Offspring distributions from two input phyogenetic trees without (top) and with (bottom) constraints on the time between infection and sampling such that hosts became noninfectious immediately upon sampling, and had been infectious for a maximum of 3.5 time units, compared with the mean branch length in these trees of 1.39 and 1.63 time units, respectively.

We also compared the transmission trees sampled on the biased and Yule phylogenies directly, using the metric approach developed by Kendall et al. (2018). Briefly, the metric is a distance between two transmission trees; the distance is zero if and only if the transmission trees are the same (except for some sets of unsampled cases which are not relevant here, as we used full sampling). We compute the distances between all pairs of trees, and visualize the distances using multidimensional scaling (MDS). Figure 7 shows the results both with and without time constraints. Without time constraints, the Yule and biased phylogenies both admit a “wide spread” of possible transmission trees, but while there is a small overlap they are for the most part strongly separated on the plots. With time constraints the spread is notably greater for the biased tree, whereas the transmission trees for the two phylogenies form entirely distinct clusters. This is a visual illustration of the fact that the structure of the phylogeny places consistent constraints on admissible transmission trees, and how the imposition of limits on infectious periods differentiates them further.

Fig. 7.

Fig. 7.

Multidimensional scaling plots visualizing distances between transmission trees sampled on the Yule and biased phylogenies, without and with restrictions on the lengths of infectious periods.

We then sampled 500 random phylogenetic trees of 20 tips each using ape (Paradis and Schliep 2019) and computed the number of transmission trees each one admits. We also computed two common tree shape statistics: the number of cherries and the Sackin imbalance. A cherry is a configuration consisting of two tips and an internal node. Each binary phylogenetic tree with n tips has at least one cherry and could have at most n/2 cherries. The Sackin imbalance (Sackin 1972; Blum and François 2005) has been defined in several ways, including the total or alternatively the average path length from a tip to the root of the tree. Broadly (see figure 8), the number of possible transmission trees compatible with a phylogeny increases as the Sackin imbalance of that phylogeny increases, and declines as the number of cherries increases (cherries are symmetric feature, so trees with higher numbers of cherries tend to have a lower Sackin imbalance). This is, again, under the assumption that there no constraints on the timing of transmission relative to the node’s sampling time.

Fig. 8.

Fig. 8.

PCA plot illustrating the distances between transmission trees inferred by TransPhylo and sampled using STraTUS, derived from the timed phylogenetic tree of the Roetzer outbreak, previously published by Didelot et al. (2017). The colors indicate the algorithm used and the number of unsampled cases selected in STraTUS. The shaded areas enclose all the trees in each sample and give an idea of the extent of the corresponding MDS spaces. The squares represent the geometric median tree of each sample.

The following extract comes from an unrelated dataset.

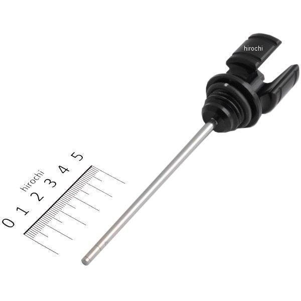 アルミ削り出しオイルレベルゲージです。 11年-14年 ホンダ ディオ110・カラー:ブラック・アルミを大胆に削り込み、存在感と指先での回しやすさを両立したオイルレベルゲージ。・キャップ部は鮮やかなシルバー、ブラック、ブルー、レッドのアルマイト仕上げ4色をご用意しました。中央部にはTAKEGAWA社"ピストンマーク"のレーザーマーキングを施し、エンジン回りのワンポイントカスタムに存在感をプラス。・ゲージ部はオイルレベルの目安となるスリット入りでノーマル同様の整備性を保持しております。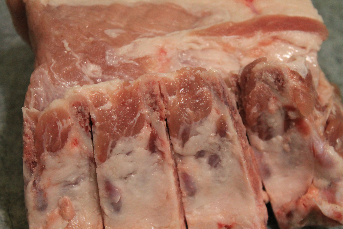 В распоряжении мастера хребтовая часть свинины — корейка, которая вдохновляет на кулинарные эксперименты. Удалив лишние остатки и разрезав косточки, он облегчает разделку и увеличивает шансы на идеальные медальоны. Подходящие куски мяса достаточно легко обрабатывать, это открывает простор для творчества.

Finally, we compared randomly sampled transmission trees with transmission trees estimated by the TransPhylo algorithm (Didelot et al. 2017). Our aim here is to investigate whether, if sensible constraints on infectious periods are known, the fast uniform sampling approach can yield a comparable set of transmission trees to full statistical model inference using MCMC. We used an outbreak of tuberculosis cases over a 13 year period in Hamburg, Germany, which was previously published (Roetzer et al. 2013) and previously analyzed using TransPhylo (Didelot et al. 2017). Because the current version of STraTUS cannot apply limits on infectious periods to unsampled cases (see Appendix, Supplementary Material online), we applied the two algorithms to a 72-tip subtree in which the root node of the epidemic was plausibly infecting a sampled host (see supplementary fig. S2, Supplementary Material online). (This restriction in STraTUS means it will not favor any particular number of unsampled hosts in the transmission tree along the branches separating the root node from the first sampled case, regardless of the lengths of those branches. This is very different to TransPhylo, so we ensure that the root case was plausibly sampled in order to make a comparison.) We sampled transmission trees uniformly at random with STraTUS, and compared them with the TransPhylo-estimated trees. The timed phylogeny was estimated using BEAS (Suchard et al. 2018) and was the same as reported in Didelot et al. (2017), then pruned to the 72-tip subtree. We restricted the maximum possible time between the point of infection and sampling to 7 years (permitting cases to become infectious immediately upon infection), and assumed that cases become noninfectious upon sampling. We generated multiple STraTUS samples for 0 and 40 unsampled hosts, and also with the unsampled count drawn from the empirical distribution of unsampled hosts from TransPhylo. The median number of unsampled hosts from TransPhylo was 39.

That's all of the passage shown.